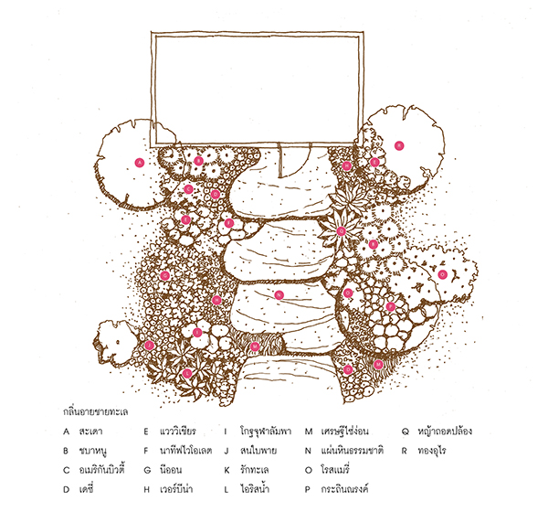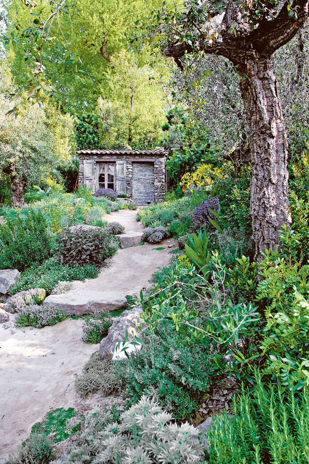 เอาใจคนที่หลงใหลเสน่ห์ของป่าแถบชายทะเลเมดิเตอร์เรเนียน ด้วยการจัดมุมสวนหน้าบ้านให้มีกลิ่นอายคล้ายคลึงกับภูมิประเทศในแถบนั้น เช่น การจัดวางก้อนหินน้อยใหญ่เรียงรายเป็นทางเดินสลับกับผืนทรายละเอียด ให้ความรู้สึกนุ่มนวลแต่ไม่ดูราบเรียบจนเกินไป สองข้างทางปลูกไม้ดอกคลุมดินเว้นจังหวะแทรกไปกับโขดหินคล้ายเกิดขึ้นเองตามธรรมชาติ
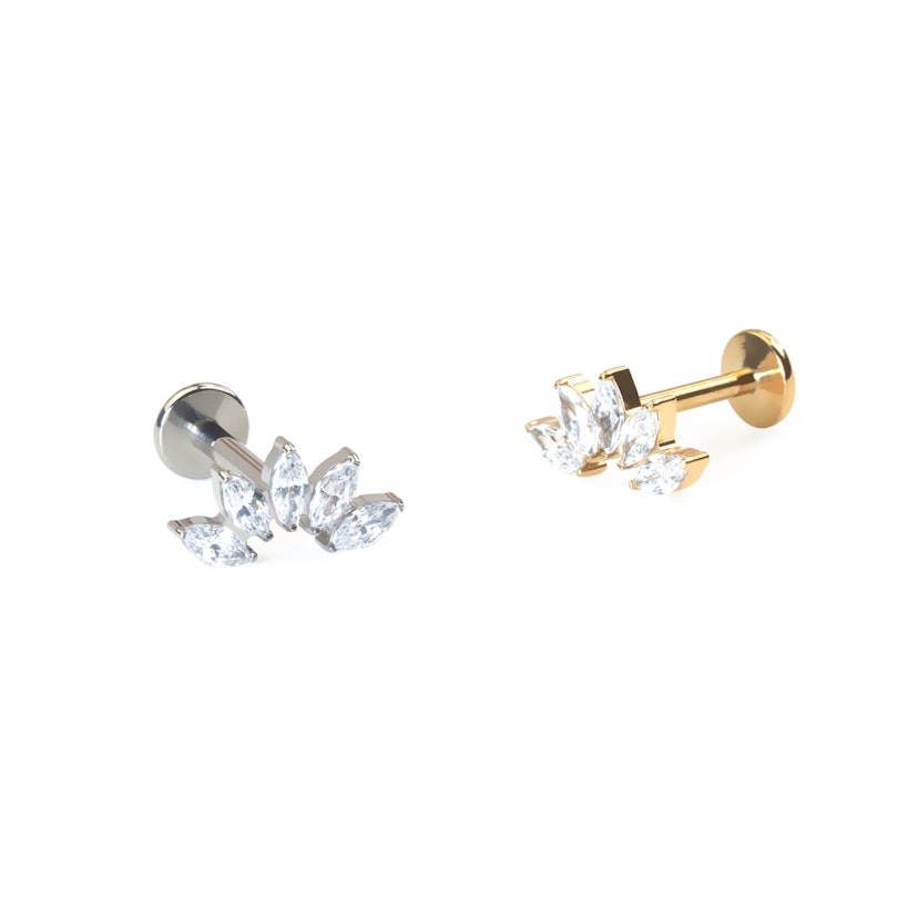 Le bijou que nous te présentons est un labret avec cinq pierres en oxyde de zirconium taillées en marquise et superbement mises en valeur grâce à un design incurvé. Ce bijou possède un filetage interne : pour le mettre en place, il te suffit d'insérer la tige dans ton trou de piercing, d'y visser délicatement la partie supérieure et le tour est joué ! De plus, il est fabriqué en titane, un matériau agréable à porter, même pour les personnes à la peau sensible en raison de ses propriétés hypoallergéniques. Il sera donc du plus bel effet dans de nombreux piercings d'oreilles, notamment à l'hélix ou au piercing flat.
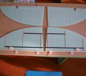 Постройка продвигается… медленно но верно. Колдую над фюзеляжем, перебирая различные варианты решения того или иного узла… Параллельно делаю хвостовое оперение. Пока вот половинки стабилизатора и РН вырисовываются. Будет они склеиваться из двух слоев теплона, кромки где петли крепятся из плотной бальзы, нервюрки из бамбуковых шампуриков. В точках крепления расчалок и кабанчиков площадки из переклея легкой фанерки. В половинках стабилизатора кроме всего этого вклеен лонжерон из карбоновой трубки 6мм… Стаб будет сьемный, надеваться на штыри и фиксироваться расчалками… но это я уже забегаю вперед 😃
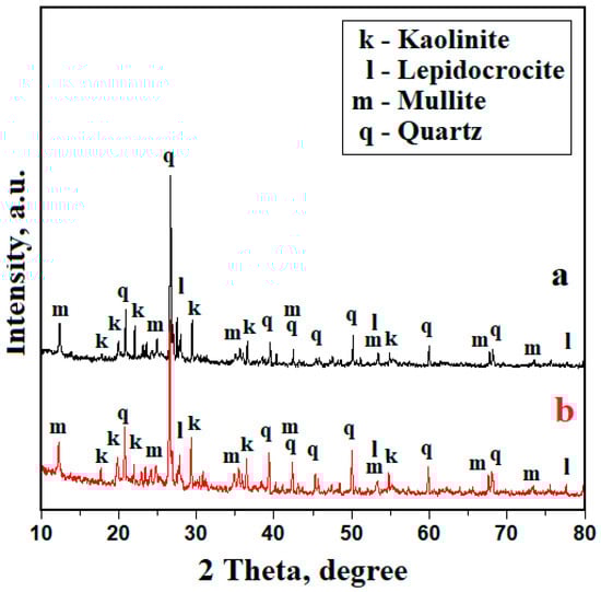 The initial sample, T0, has a well-developed XRD pattern presented in Figure 2a. Strong diffraction peaks are observed, having large intensity and a narrow aspect accompanied by several less intense peaks with slightly broadened width. This corresponds to a complex mixture of crystalline phases in which some of them have very small particles. The composition of the T0 sample is dominated by quartz, followed by kaolinite, mullite, and traces of lepidocrocite.
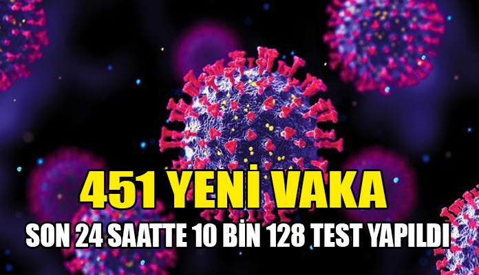 Son 24 saatte yapılan test sayısı 10.128 olup, 451 pozitif vakaya rastlanmıştır.
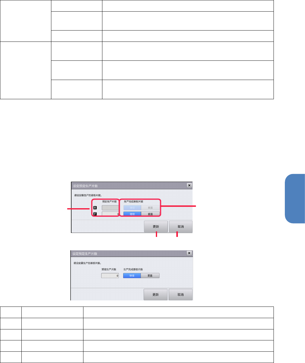 (c) 更新 更改生产预定块数及生产完成基板块数,关闭对话框。
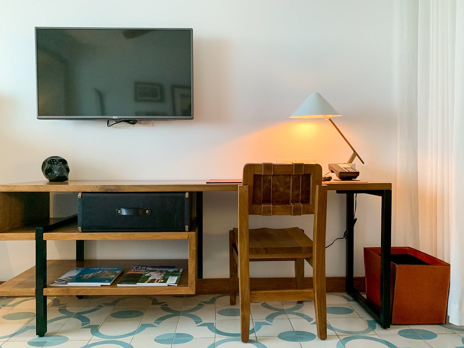 The room playfully mixed masculine elements, mid-century furnishings and sophisticated beach-club vibes — and totally eschewed any Mexican colonial kitsch.
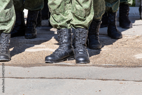 An even row of military boots in formation of military personnel Legs of military personnel in military boots. Topic: army, military uniform
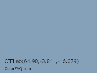CIELab 64.98,-3.841,-16.079 Color is a light blue color and the nearest color is Pewter Blue #8ba8b7. Hex code #85a1ba and RGB value is rgb(133,161,186). In RGB color space, this color is composed of 52% red, 63% green, 73% blue, In CMYK color space, this color is composed of 28% cyan, 13% magenta, 0% yellow , 27% black , In HSL color space, this color has a hue angle of 208° , 28% saturation and 63% lightness.
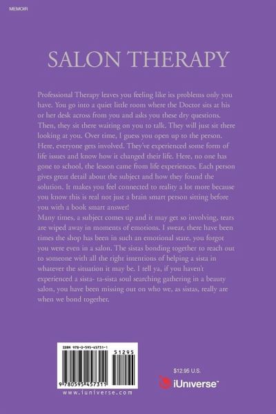 Professional Therapy leaves you feeling like its problems only you have. You go into a quiet little room where the Doctor sits at his or her desk across from you and asks you these dry questions. Then, they sit there waiting on you to talk. They will just sit there looking at you. Over time, I guess you open up to the person. Here, everyone gets involved. They've experienced some form of life issues and know how it changed their life. Here, no one has gone to school, the lesson came from life experiences. Each person gives great detail about the subject and how they found the solution. It makes you feel connected to reality a lot more because you know this is real not just a brain smart person sitting before you with a book smart answer! Many times, a subject comes up and it may get so involving, tears are wiped away in moments of emotions. I swear, there have been times the shop has been in such an emotional state, you forgot you were even in a salon. The sistas bonding together to reach out to someone with all the right intentions of helping a sista in whatever the situation it may be. I tell ya, if you haven't experienced a sista- ta-sista soul searching gathering in a beauty salon, you have been missing out on who we, as sistas, really are when we bond together.
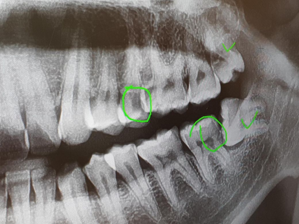 그럼에도 불구하고 아래 위 치아 2개다 충치가 있을 가능성이 매우 높아 보입니다.
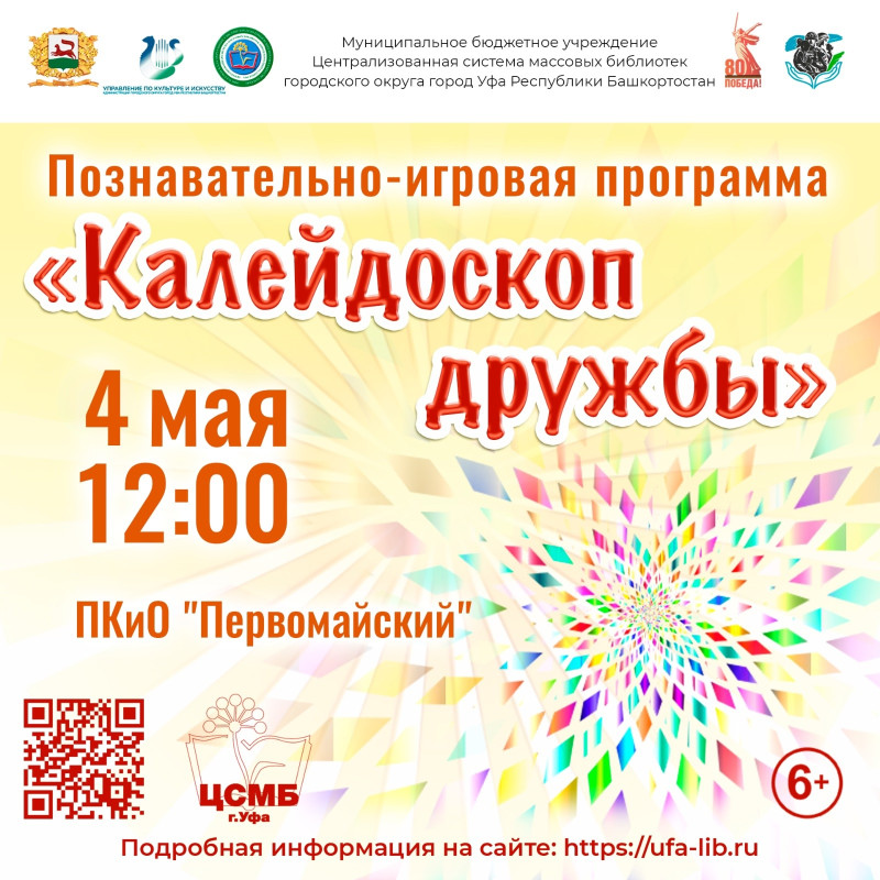 4 мая в 12:00 приглашаем вас в Парк культуры и отдыха «Первомайский» погрузиться в атмосферу радости, веселья и творчества вместе с познавательно-игровой программой «Калейдоскоп дружбы», организованной массовыми библиотеками города в рамках фестиваля национальных культур «Уфа – город дружбы и единства», который будет посвящен 80-й годовщине Победы в Великой Отечественной войне 1941-1945 годов. Это мероприятие станет настоящим праздником общения, познаний и приятных встреч.
◇ ◇ ◇ ◇ ◇
The whole listing should be restated word for word, with no pictures.

## Solution to this exercise
 เอาใจคนที่หลงใหลเสน่ห์ของป่าแถบชายทะเลเมดิเตอร์เรเนียน ด้วยการจัดมุมสวนหน้าบ้านให้มีกลิ่นอายคล้ายคลึงกับภูมิประเทศในแถบนั้น เช่น การจัดวางก้อนหินน้อยใหญ่เรียงรายเป็นทางเดินสลับกับผืนทรายละเอียด ให้ความรู้สึกนุ่มนวลแต่ไม่ดูราบเรียบจนเกินไป สองข้างทางปลูกไม้ดอกคลุมดินเว้นจังหวะแทรกไปกับโขดหินคล้ายเกิดขึ้นเองตามธรรมชาติ
 Le bijou que nous te présentons est un labret avec cinq pierres en oxyde de zirconium taillées en marquise et superbement mises en valeur grâce à un design incurvé. Ce bijou possède un filetage interne : pour le mettre en place, il te suffit d'insérer la tige dans ton trou de piercing, d'y visser délicatement la partie supérieure et le tour est joué ! De plus, il est fabriqué en titane, un matériau agréable à porter, même pour les personnes à la peau sensible en raison de ses propriétés hypoallergéniques. Il sera donc du plus bel effet dans de nombreux piercings d'oreilles, notamment à l'hélix ou au piercing flat.
 Постройка продвигается… медленно но верно. Колдую над фюзеляжем, перебирая различные варианты решения того или иного узла… Параллельно делаю хвостовое оперение. Пока вот половинки стабилизатора и РН вырисовываются. Будет они склеиваться из двух слоев теплона, кромки где петли крепятся из плотной бальзы, нервюрки из бамбуковых шампуриков. В точках крепления расчалок и кабанчиков площадки из переклея легкой фанерки. В половинках стабилизатора кроме всего этого вклеен лонжерон из карбоновой трубки 6мм… Стаб будет сьемный, надеваться на штыри и фиксироваться расчалками… но это я уже забегаю вперед 😃
 The initial sample, T0, has a well-developed XRD pattern presented in Figure 2a. Strong diffraction peaks are observed, having large intensity and a narrow aspect accompanied by several less intense peaks with slightly broadened width. This corresponds to a complex mixture of crystalline phases in which some of them have very small particles. The composition of the T0 sample is dominated by quartz, followed by kaolinite, mullite, and traces of lepidocrocite.
 Son 24 saatte yapılan test sayısı 10.128 olup, 451 pozitif vakaya rastlanmıştır.
 (c) 更新 更改生产预定块数及生产完成基板块数,关闭对话框。
 The room playfully mixed masculine elements, mid-century furnishings and sophisticated beach-club vibes — and totally eschewed any Mexican colonial kitsch.
 An even row of military boots in formation of military personnel Legs of military personnel in military boots. Topic: army, military uniform
CIELab 64.98,-3.841,-16.079 Color is a light blue color and the nearest color is Pewter Blue #8ba8b7. Hex code #85a1ba and RGB value is rgb(133,161,186). In RGB color space, this color is composed of 52% red, 63% green, 73% blue, In CMYK color space, this color is composed of 28% cyan, 13% magenta, 0% yellow , 27% black , In HSL color space, this color has a hue angle of 208° , 28% saturation and 63% lightness.
 Professional Therapy leaves you feeling like its problems only you have. You go into a quiet little room where the Doctor sits at his or her desk across from you and asks you these dry questions. Then, they sit there waiting on you to talk. They will just sit there looking at you. Over time, I guess you open up to the person. Here, everyone gets involved. They've experienced some form of life issues and know how it changed their life. Here, no one has gone to school, the lesson came from life experiences. Each person gives great detail about the subject and how they found the solution. It makes you feel connected to reality a lot more because you know this is real not just a brain smart person sitting before you with a book smart answer! Many times, a subject comes up and it may get so involving, tears are wiped away in moments of emotions. I swear, there have been times the shop has been in such an emotional state, you forgot you were even in a salon. The sistas bonding together to reach out to someone with all the right intentions of helping a sista in whatever the situation it may be. I tell ya, if you haven't experienced a sista- ta-sista soul searching gathering in a beauty salon, you have been missing out on who we, as sistas, really are when we bond together.
 그럼에도 불구하고 아래 위 치아 2개다 충치가 있을 가능성이 매우 높아 보입니다.
 4 мая в 12:00 приглашаем вас в Парк культуры и отдыха «Первомайский» погрузиться в атмосферу радости, веселья и творчества вместе с познавательно-игровой программой «Калейдоскоп дружбы», организованной массовыми библиотеками города в рамках фестиваля национальных культур «Уфа – город дружбы и единства», который будет посвящен 80-й годовщине Победы в Великой Отечественной войне 1941-1945 годов. Это мероприятие станет настоящим праздником общения, познаний и приятных встреч.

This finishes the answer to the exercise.